I got my shots on Friday at Northwestern. They cost 11k per shot. I had been getting two 20mg shots of sandostatin, one in each butt cheek. The tumors kept growing, and my Doctor was able to get my great insurance to cover two 30mg shots of sandostatin. I will turn 64 this December and 65 in 2016.
While I was on the infusion floor, I heard another patient asking whether anybody gets 60mg of shots because his doctor told him medicare will only approve the 40mg monthly. I explained to him how unpleasant it will become if I do live to 65 because the sando keeps my symptoms under control and slows the tumor growth. I will have a choice at 65. To either have a terrible time of it as I slowly fade away with the reduced sando injections, or I can travel to Canada to Windsor, the closest spot from where I live, and pay $1,500 for a twenty Mg. shot and whatever the clinic will charge for the injection. The Canadian price used to be over $2,500 per 20mg, but they have negotiated the price down, and the exchange rate has become more favorable. This will mean about 21k out of pocket medical bills at 65. I will have to continue working in one business in order to afford that, but it is no big deal because I am only working about 20% of what I used to work.
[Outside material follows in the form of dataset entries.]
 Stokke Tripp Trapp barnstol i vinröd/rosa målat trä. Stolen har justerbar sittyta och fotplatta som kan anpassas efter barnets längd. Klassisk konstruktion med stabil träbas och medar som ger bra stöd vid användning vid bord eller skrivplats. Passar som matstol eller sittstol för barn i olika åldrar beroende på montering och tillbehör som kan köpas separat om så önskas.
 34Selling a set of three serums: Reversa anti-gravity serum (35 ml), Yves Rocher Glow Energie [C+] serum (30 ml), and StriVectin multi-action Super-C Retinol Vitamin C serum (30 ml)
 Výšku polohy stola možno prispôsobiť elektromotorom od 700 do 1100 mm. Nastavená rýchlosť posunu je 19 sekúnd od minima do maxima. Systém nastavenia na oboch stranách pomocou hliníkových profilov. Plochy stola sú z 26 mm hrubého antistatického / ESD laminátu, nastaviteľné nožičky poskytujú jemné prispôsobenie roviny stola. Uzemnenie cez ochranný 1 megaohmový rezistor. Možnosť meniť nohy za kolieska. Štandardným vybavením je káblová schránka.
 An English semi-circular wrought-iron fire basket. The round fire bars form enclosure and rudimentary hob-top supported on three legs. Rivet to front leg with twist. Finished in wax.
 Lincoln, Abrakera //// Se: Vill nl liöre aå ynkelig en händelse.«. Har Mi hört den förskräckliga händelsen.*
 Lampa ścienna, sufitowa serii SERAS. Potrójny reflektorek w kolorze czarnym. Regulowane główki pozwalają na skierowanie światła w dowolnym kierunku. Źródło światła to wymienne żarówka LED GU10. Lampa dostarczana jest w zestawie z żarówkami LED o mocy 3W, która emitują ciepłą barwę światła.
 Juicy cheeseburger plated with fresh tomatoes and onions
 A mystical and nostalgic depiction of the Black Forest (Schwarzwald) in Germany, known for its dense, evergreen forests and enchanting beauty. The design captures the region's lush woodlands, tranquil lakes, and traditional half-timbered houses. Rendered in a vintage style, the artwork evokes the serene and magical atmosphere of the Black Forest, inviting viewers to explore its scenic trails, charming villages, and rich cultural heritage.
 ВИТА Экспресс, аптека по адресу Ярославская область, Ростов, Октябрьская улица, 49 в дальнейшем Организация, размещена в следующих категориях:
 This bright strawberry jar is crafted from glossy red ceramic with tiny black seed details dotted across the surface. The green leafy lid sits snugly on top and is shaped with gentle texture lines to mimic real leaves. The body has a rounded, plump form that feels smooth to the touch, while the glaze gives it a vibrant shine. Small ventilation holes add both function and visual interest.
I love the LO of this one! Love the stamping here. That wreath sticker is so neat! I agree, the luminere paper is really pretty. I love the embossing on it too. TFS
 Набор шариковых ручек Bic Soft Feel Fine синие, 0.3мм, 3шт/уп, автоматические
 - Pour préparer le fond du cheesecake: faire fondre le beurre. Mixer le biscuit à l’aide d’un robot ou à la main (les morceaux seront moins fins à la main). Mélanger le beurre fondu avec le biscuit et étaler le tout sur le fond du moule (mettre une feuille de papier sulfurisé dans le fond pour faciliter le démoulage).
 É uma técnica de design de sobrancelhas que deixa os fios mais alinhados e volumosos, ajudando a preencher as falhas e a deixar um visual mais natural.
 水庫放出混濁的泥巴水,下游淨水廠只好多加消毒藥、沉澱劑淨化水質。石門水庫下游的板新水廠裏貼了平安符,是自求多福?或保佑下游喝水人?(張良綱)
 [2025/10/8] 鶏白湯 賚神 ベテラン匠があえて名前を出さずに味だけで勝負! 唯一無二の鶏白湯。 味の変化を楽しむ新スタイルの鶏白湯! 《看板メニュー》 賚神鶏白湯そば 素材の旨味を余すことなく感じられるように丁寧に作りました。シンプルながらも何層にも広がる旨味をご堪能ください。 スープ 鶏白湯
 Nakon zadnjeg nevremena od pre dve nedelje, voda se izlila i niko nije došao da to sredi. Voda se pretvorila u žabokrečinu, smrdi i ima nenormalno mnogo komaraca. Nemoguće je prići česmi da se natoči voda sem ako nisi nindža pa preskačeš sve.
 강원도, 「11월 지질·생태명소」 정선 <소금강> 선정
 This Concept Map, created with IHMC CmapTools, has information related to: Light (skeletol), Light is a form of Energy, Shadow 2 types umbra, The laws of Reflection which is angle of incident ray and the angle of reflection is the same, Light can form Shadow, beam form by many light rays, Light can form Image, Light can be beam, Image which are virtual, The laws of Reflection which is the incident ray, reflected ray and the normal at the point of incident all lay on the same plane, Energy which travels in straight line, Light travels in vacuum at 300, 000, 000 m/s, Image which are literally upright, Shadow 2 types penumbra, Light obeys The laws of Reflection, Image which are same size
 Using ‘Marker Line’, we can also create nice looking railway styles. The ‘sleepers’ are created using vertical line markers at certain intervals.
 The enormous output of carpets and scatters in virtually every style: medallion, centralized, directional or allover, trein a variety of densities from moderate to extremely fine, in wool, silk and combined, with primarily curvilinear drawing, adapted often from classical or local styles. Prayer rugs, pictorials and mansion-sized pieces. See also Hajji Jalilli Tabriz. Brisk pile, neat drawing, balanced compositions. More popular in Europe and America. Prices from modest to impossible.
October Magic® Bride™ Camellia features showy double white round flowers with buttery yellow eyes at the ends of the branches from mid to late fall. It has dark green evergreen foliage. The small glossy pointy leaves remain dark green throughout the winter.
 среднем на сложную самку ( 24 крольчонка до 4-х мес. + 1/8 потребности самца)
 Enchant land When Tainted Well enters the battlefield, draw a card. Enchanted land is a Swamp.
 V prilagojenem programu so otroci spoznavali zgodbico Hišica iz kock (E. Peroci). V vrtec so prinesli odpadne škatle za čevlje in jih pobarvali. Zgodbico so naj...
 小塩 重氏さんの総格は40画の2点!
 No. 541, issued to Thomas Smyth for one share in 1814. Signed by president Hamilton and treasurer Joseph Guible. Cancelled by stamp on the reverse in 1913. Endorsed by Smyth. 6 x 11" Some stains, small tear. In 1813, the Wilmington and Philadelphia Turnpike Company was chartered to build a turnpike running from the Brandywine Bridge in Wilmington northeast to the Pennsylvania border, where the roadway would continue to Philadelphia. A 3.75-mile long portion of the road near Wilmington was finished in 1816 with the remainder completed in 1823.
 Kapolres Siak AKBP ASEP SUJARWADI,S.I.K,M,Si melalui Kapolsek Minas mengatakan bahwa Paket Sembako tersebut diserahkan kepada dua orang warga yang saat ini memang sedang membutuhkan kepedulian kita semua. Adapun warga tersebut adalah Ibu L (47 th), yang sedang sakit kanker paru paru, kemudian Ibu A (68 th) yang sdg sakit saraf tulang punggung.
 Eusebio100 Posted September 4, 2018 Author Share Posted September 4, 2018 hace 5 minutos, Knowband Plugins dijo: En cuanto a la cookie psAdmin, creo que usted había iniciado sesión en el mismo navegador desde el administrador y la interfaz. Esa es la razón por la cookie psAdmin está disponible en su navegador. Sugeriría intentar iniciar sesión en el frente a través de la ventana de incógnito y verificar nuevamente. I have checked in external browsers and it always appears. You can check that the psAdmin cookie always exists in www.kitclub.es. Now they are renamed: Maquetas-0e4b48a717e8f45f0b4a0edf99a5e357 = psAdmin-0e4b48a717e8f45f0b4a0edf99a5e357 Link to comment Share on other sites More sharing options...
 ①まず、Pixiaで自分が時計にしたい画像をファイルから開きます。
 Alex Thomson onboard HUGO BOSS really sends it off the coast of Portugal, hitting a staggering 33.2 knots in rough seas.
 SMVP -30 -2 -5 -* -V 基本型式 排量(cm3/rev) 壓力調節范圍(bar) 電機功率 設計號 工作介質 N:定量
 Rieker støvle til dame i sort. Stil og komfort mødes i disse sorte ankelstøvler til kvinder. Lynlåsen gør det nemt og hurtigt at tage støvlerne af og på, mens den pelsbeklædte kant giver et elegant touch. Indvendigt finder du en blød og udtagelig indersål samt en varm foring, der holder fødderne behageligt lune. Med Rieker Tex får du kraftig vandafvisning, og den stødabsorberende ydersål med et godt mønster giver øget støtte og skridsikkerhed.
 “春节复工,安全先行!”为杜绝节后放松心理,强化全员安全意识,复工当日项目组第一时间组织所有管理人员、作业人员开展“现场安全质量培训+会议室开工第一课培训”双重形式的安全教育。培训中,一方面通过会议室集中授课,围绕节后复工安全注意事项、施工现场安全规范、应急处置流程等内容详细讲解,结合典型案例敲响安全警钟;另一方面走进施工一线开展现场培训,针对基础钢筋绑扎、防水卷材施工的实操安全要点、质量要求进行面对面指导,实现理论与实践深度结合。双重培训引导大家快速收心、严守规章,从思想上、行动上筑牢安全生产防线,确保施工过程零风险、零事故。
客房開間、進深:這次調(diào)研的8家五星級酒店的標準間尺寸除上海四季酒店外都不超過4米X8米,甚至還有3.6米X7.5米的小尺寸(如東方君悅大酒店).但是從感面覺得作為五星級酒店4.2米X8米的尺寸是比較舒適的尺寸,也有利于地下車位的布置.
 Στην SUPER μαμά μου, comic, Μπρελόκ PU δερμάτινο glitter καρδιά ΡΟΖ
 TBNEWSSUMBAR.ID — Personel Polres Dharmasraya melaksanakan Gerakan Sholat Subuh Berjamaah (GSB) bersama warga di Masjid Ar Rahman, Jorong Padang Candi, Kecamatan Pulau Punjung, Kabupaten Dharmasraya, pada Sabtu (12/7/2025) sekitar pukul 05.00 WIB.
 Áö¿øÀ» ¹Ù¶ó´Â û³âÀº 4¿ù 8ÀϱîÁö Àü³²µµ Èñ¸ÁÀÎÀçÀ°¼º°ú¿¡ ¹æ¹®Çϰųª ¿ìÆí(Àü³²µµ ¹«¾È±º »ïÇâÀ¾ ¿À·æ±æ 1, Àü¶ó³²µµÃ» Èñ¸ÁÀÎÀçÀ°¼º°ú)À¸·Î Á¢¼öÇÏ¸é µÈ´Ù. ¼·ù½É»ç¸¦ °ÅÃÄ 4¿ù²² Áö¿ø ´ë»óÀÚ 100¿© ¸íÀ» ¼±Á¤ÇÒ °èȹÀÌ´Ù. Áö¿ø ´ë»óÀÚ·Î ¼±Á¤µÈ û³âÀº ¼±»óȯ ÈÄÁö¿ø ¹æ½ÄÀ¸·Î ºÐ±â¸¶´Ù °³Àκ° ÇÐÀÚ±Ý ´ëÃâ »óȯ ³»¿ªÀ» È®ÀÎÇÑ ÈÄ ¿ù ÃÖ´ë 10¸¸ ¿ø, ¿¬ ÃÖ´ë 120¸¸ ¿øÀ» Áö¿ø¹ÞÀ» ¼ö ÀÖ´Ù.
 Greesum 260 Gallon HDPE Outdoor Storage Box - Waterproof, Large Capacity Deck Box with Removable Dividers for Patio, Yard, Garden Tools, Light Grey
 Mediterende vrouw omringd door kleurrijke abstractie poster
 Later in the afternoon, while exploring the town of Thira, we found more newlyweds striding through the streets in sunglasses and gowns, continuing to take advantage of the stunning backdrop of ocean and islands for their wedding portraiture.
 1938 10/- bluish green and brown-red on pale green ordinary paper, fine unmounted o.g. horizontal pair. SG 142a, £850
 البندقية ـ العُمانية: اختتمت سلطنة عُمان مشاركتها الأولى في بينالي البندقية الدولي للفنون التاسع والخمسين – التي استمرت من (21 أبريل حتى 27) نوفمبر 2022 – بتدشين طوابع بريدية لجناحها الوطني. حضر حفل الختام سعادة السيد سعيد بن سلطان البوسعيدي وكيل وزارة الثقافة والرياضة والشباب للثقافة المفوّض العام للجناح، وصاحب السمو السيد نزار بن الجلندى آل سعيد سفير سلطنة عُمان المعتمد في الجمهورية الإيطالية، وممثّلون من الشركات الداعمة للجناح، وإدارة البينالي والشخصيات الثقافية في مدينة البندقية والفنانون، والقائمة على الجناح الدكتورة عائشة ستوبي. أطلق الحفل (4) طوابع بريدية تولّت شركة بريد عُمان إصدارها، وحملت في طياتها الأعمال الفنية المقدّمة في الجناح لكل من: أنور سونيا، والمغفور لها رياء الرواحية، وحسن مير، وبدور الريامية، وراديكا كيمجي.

It is critical to do careful analysis of your insurance policies. The supplementals with medicare, and to look for alternatives which will allow folks to survive when facing the Big C. I seldom show emotion, but when I see sick people who cannot get these shots or have them reduced because insurance companies feel the medications are still in the experimental stage, I just hang my head. When I see a young mother with children battling this disease, it overpowers me. I spoke with my 90 year old mother this morning who is in hospice, and she probably has less than a week. Her parts have simply worn out, and we share a very positive attitude. She is thankful that her mind has been lucid and clear to the end, and this is strange.....I do not feel that deep sadness when my own 90 year old mother is about to pass because I know she has had a happy and fulfilling life and it is time, but it is really hard to see Cancer taking young mothers who have not lived, who will not get to share their lives with their children....month after month of visiting the infusion floor and seeing how unfair life can be at times. So I try not to dwell on it until my visit next month, and today I picked up some lumber and needed help with loading the same.....I explained to the fork lift driver who helped me load, that I was building a handicap ramp to my house and I want them to say when the are wheeling me out....."damn....this is a good ramp"......He became silent put his head down, made some cuts of the wood and came over just laughing.....he said I tried to keep the laughter in, but damn that was funny......enjoy every moment and live life to the fullest.